Wednesday, October 14, 2009

More Trouble With Comics

Those last two posts were fun, but now I have to write a very painful post, so I think it balances out.

I like my online comics. It's very clear that I do, since I've built and revised the aggregate of my favorite online comics. If you like comedy, and you like words as big as your abstract concepts, you will read these comics.

Once in a while, however, these online comics come into conflict. I've recommended comics that have fallen flat upon the fallow fields of my friends. Similarly, friends have recommended comics that found no purchase in my own sere and inhospitable terrain. There's just no accounting for taste.

Now, however, I find that the comics themselves are at conflict. This is most worrisome: it's like one day you find that all the five-dollar bills in your wallet refuse to share space with the ten-dollar bills. What are you going to do? You can't walk around with just ones and twenties. And so it is with me: I love Dinosaur Comics and I love Saturday Morning Breakfast Cereal, and yet it happens that each has made recommendations of other comics, and these comics are in conflict.

SMBC recommended Snowflakes, and Snowflakes is fucking stupid. It is stupid and lame with inadequate art and terrible writing to underscore a depleted sense of humor. It relies on vague and misremembered cultural reference for the bulk of its patois. People don't want that, that isn't what attracts attention: people want fresh, new humor! (Nothing older than 1979.) If you rely on referential material too much, you just attract a bunch of pasty and obese fanboys killing time between sci-fi conventions. Also, you can't leap into the middle of it but have to go all the way to the beginning just so these stupid, unlikeable characters begin to make sense. There is no kickback, and there is no reward.
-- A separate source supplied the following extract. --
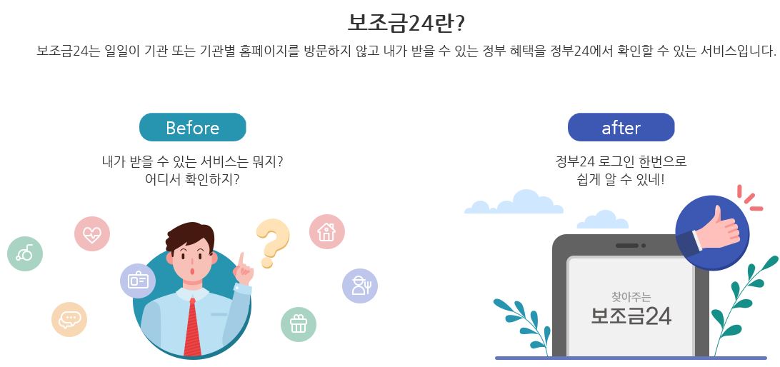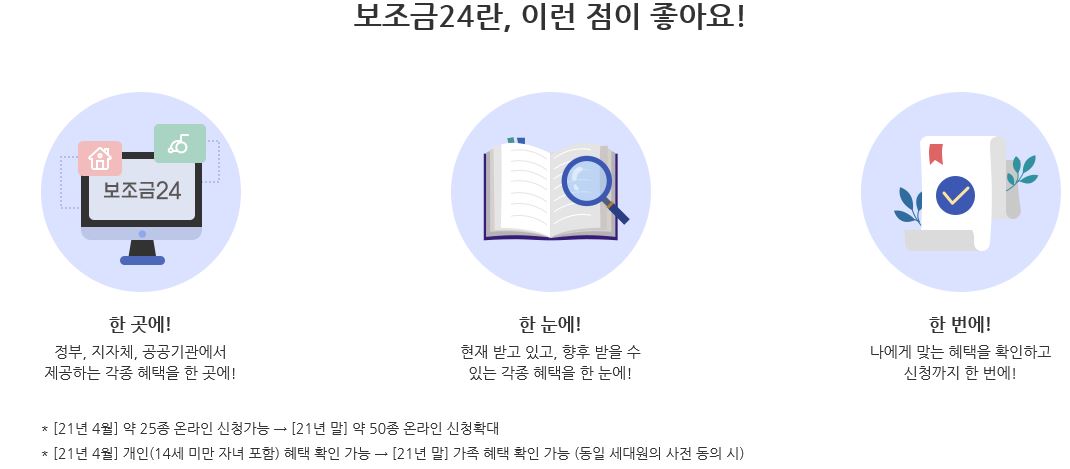 보조금24라는 홈페이지를 통해 정부에서 지원해주는 여러가지 혜택들을 한눈에 알 수 있으며 홈페이지에서 바로 신청까지 가능하기 때문에 매우 간편해졌습니다. 많은 분들이 정부에서 받을 수 있는 혜택들을 알아가시는 기회가 되었으면 좋겠고 폭 넓게 지원받으시길 바랍니다.
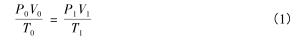 式中:P 0 ,P 1 分別為標準狀態(tài)下和工況下的絕對壓力(Pa);T 0 ,T 1 分別為標準狀態(tài)下和工況下的熱力學溫度(K);V 0 ,V 1 分別為標準狀態(tài)下和工況下的氣體體積。

On the other hand, Dinosaur Comics has recommended MS Paint Adventures and it freakin' blew my mind. Ryan North, author of Dinosaur Comics, says it's the ending episode of a certain storyline, but you can watch it by itself and appreciate the artwork, the craft, the skill, the vision that went into it. You can watch it again and again and sit in awe!

Now, it's just my luck that the author of Snowflakes will trackback to this post and see my alcohol-fueled invective and be a little hurt. It hurts more when your critics know big words; it's easy to shrug off "OMG ur t3h sux0rz." He might even comment self-pityingly and request further elucidation as to what it is that puts me off, or diffidently assert his indifference to my condemnation. I've been through this before a few times, a surprising amount of times.

But the guy I admire: he will never see this post. He has better things to do. He's working on his next fever-dream, compelling it into being. He's busy working on his art, while the slightly insufficient guy is busy looking at who's looking at him and estimating how much love there is for him. The artist I admire has better things to do.

I illustrated this conflict for my wife. I showed her the source comics (which I love) and their references (one that sucked and one that ruled), and she said, "There's no accounting for taste."